Thomas P. Lutz, Dickie, McCamey Chilcote, Pittsburgh, Pa., for plaintiff.
Mark L. Glosser, Lampl, Sable, Makoroff Libenson, Pittsburgh, Pa., for defendant.
Gary L. Smith, Pittsburgh, Pa., Trustee.
MEMORANDUM OPINION
Before the Court is Plaintiff's Motion For Judgment On The Pleadings On Its Complaint, wherein it seeks a finding that the debt owed it is nondischargeable pursuant to 11 U.S.C. § 523(a)(4). We find that Defendant has committed at least a defalcation while acting in a fiduciary capacity, and that judgment on the pleadings should be granted.
FACTS
Plaintiff is an insurance company which issues policies through agreements with many and various insurance agents and/or brokers.
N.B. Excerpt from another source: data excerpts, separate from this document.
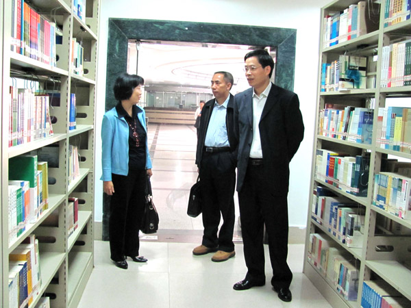 罗海鸥院长一行首先参观了采编部、各类文献室、特藏室和学生自习区等,询问了图书馆运行和新馆建设等方面情况。随后,又与图书馆中层以上干部进行座谈。
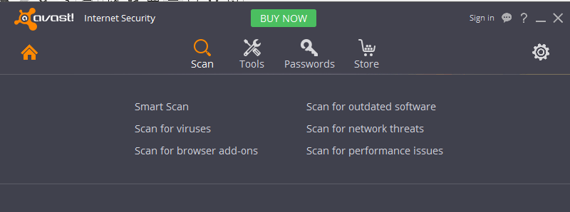 Với Avast bạn có 6 lựa chọn scan khác nhau là Smart Scan, Scan for viruses, Scan for browser add-ons, Scan for outdated software, Scan for network threats, Scan for performance issues
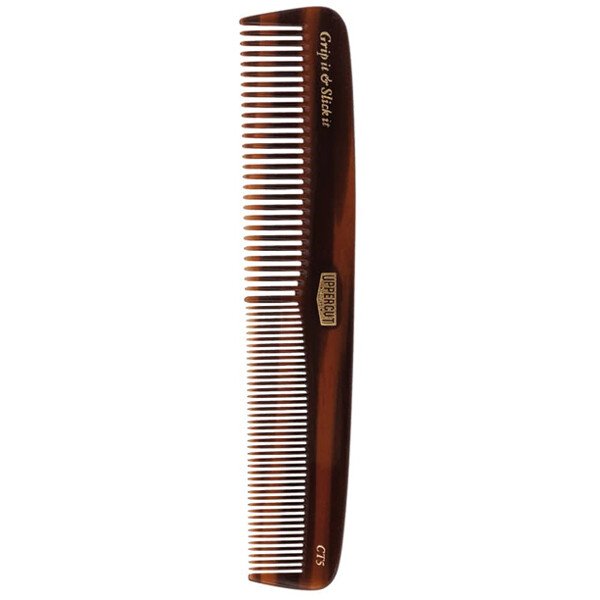 Uppercut CT5 Tortoise Shell Comb von Uppercut Deluxe ist ein Stylingkamm mit zwei unterschiedlichen Zahnweiten. Der Kamm ist aus strapazierfähigem Kunststoff gefertigt.
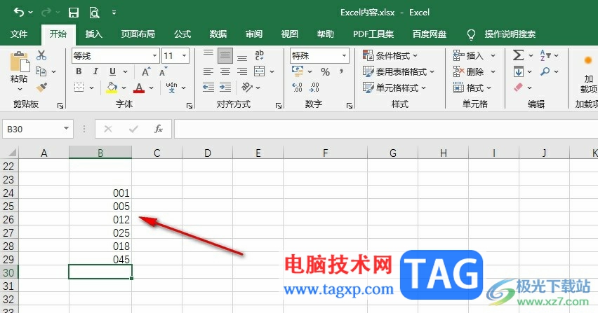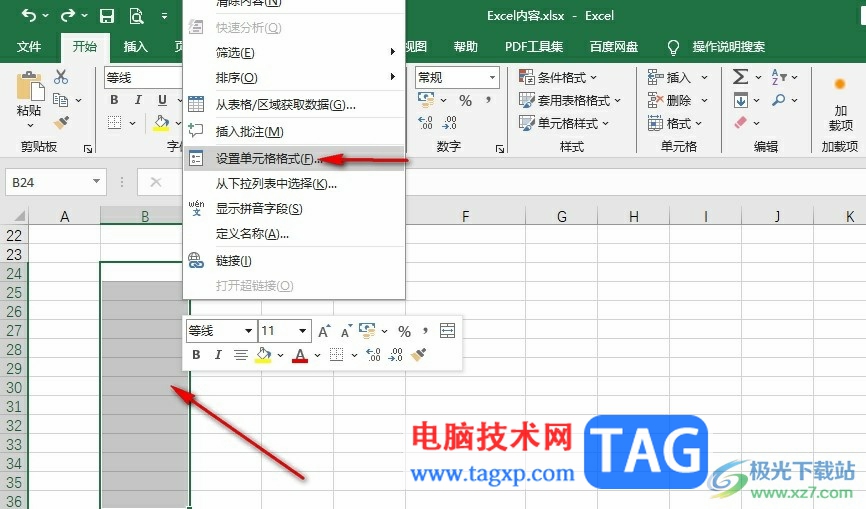 2、第二步,进入Excel页面之后,我们选中需要输入数字的单元格,然后右键单击选择“设置单元格格式”选项
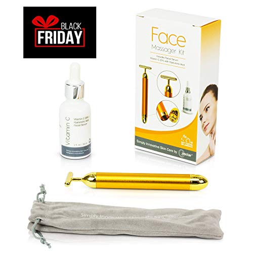 - ✔ POWERFUL SKIN REVITALIZING KIT - This innovative skincare kit features our 24K gold plated massager and exclusive vitamin C with hyaluronic acid facial serum. Using these two together is proven to reduce the look of double chin and neck folds, eye puffiness, enlarged pores and the appearance of fine lines & wrinkles. It also helps firm, tighten and brighten your look and revives the skin tone for a smoother, fresher, more vibrant youthful complexion.
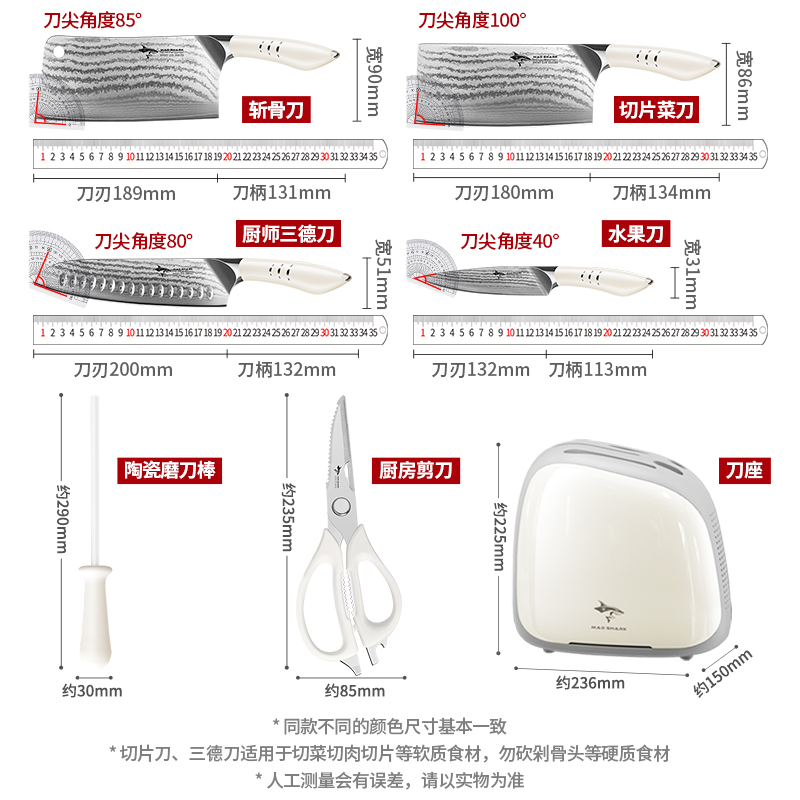 狂鲨大马士革钢刀具套装厨房家用全套厨具菜刀砧菜板锅铲勺子组合
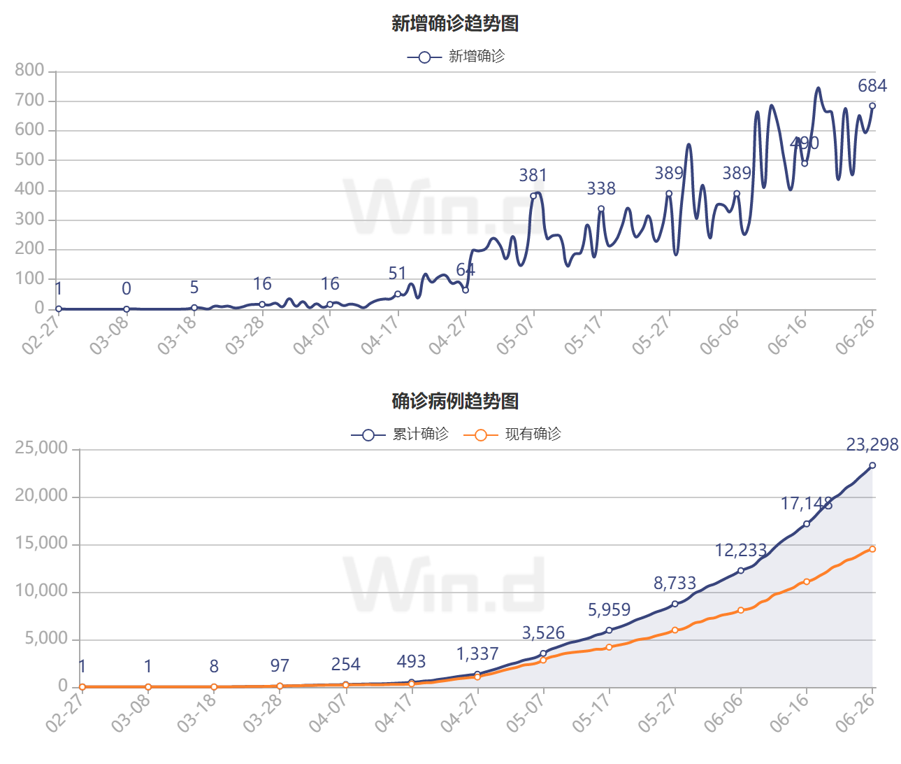 日本(基本控制):新增確診病例105例,有所反彈,為5月9****日以來最高;累計確診19030例,環比增加0.55%;新增病亡0例,;累計病亡983例;病亡率為5.2%。

Defendant is an independent insurance agent, duly licensed under Pennsylvania law, and President, owner, sole insurance agent, and only full time employee of Wemack Insurance Agency, Inc. ("Wemack").
In March of 1981, Defendant, as President, signed an Agency Agreement between Plaintiff and Wemack, which provided that agents would write insurance policies and collect premiums. Although the amounts due to Plaintiff were to be remitted within forty-five (45) days after receipt, Wemack, through Defendant herein, collected premiums but did not remit same to Plaintiff. Defendant claims he is presently unable to determine the amounts so withheld.
Pursuant to the terms of the Agency Agreement, Plaintiff notified Wemack and Defendant on January 16, 1985, that it chose to terminate the Agreement as of April 29, 1985. On April 23, 1985, still in conjunction with said Agency Agreement, Plaintiff and Wemack, through Defendant, entered into a modified agency relationship to allow for the orderly servicing of policies, still in effect at the time of the agency termination, until their expirations.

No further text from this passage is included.